▸ Data for the task:
______________________________

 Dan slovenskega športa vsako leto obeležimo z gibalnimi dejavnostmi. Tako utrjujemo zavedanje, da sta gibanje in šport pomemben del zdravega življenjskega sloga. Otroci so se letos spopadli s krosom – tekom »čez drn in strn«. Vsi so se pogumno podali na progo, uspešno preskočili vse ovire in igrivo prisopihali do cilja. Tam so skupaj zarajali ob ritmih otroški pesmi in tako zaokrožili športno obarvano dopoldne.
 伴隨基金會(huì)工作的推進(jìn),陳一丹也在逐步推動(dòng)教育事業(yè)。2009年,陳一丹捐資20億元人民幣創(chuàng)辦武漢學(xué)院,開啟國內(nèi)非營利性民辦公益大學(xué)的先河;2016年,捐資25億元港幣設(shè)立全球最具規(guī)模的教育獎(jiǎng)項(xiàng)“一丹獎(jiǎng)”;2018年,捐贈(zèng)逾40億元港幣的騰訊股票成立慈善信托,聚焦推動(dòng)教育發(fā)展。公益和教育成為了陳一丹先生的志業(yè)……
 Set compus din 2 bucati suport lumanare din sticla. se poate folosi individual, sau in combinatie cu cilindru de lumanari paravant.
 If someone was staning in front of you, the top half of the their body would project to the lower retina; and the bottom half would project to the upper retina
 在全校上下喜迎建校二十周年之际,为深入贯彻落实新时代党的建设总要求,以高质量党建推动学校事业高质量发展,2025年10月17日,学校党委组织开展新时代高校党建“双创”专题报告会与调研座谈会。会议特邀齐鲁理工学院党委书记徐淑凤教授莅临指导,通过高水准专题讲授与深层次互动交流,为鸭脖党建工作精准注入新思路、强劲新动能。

______________________________

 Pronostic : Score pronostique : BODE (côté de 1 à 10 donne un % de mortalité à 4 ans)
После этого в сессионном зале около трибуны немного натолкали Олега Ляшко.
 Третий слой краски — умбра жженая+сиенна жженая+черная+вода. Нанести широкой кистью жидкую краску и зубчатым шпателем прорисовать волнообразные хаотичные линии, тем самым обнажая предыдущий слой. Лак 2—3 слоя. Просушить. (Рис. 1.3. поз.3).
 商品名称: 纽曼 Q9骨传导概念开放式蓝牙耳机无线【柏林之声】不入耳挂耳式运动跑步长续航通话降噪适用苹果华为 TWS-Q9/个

______________________________

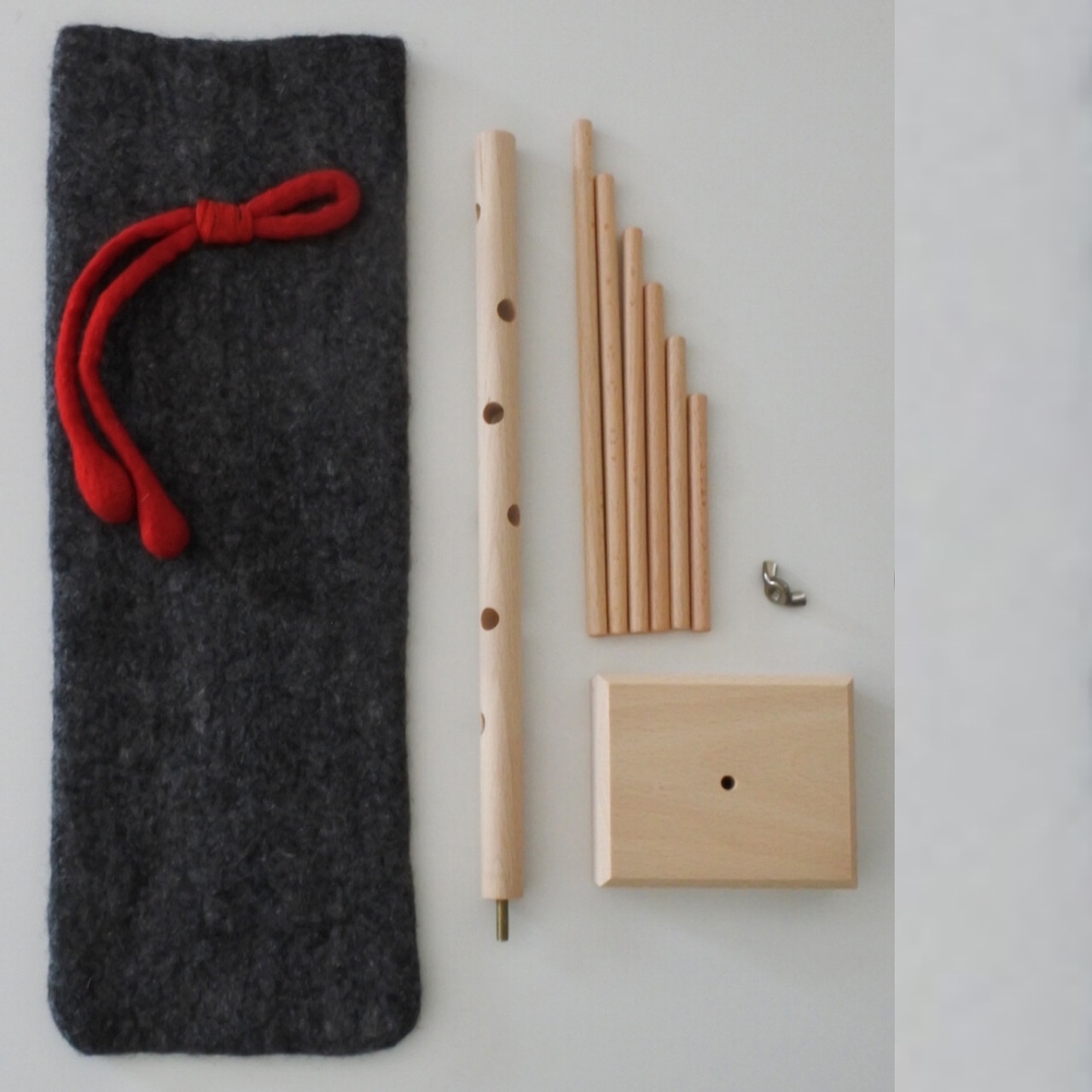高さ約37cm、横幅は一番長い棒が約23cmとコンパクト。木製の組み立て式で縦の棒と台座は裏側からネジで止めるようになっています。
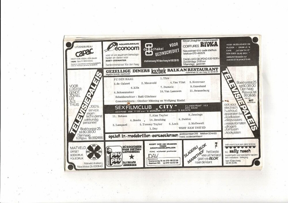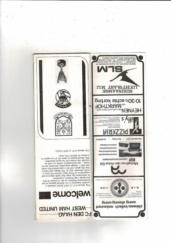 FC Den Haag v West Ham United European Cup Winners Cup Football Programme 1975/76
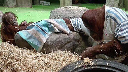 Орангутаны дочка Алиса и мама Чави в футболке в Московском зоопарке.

______________________________

Using the material above, transcribe exactly the lines from the line with "If someone was" to the line with "在全校上下喜迎建校二十周年之"; both count, and nothing else goes in.

 If someone was staning in front of you, the top half of the their body would project to the lower retina; and the bottom half would project to the upper retina
 在全校上下喜迎建校二十周年之际,为深入贯彻落实新时代党的建设总要求,以高质量党建推动学校事业高质量发展,2025年10月17日,学校党委组织开展新时代高校党建“双创”专题报告会与调研座谈会。会议特邀齐鲁理工学院党委书记徐淑凤教授莅临指导,通过高水准专题讲授与深层次互动交流,为鸭脖党建工作精准注入新思路、强劲新动能。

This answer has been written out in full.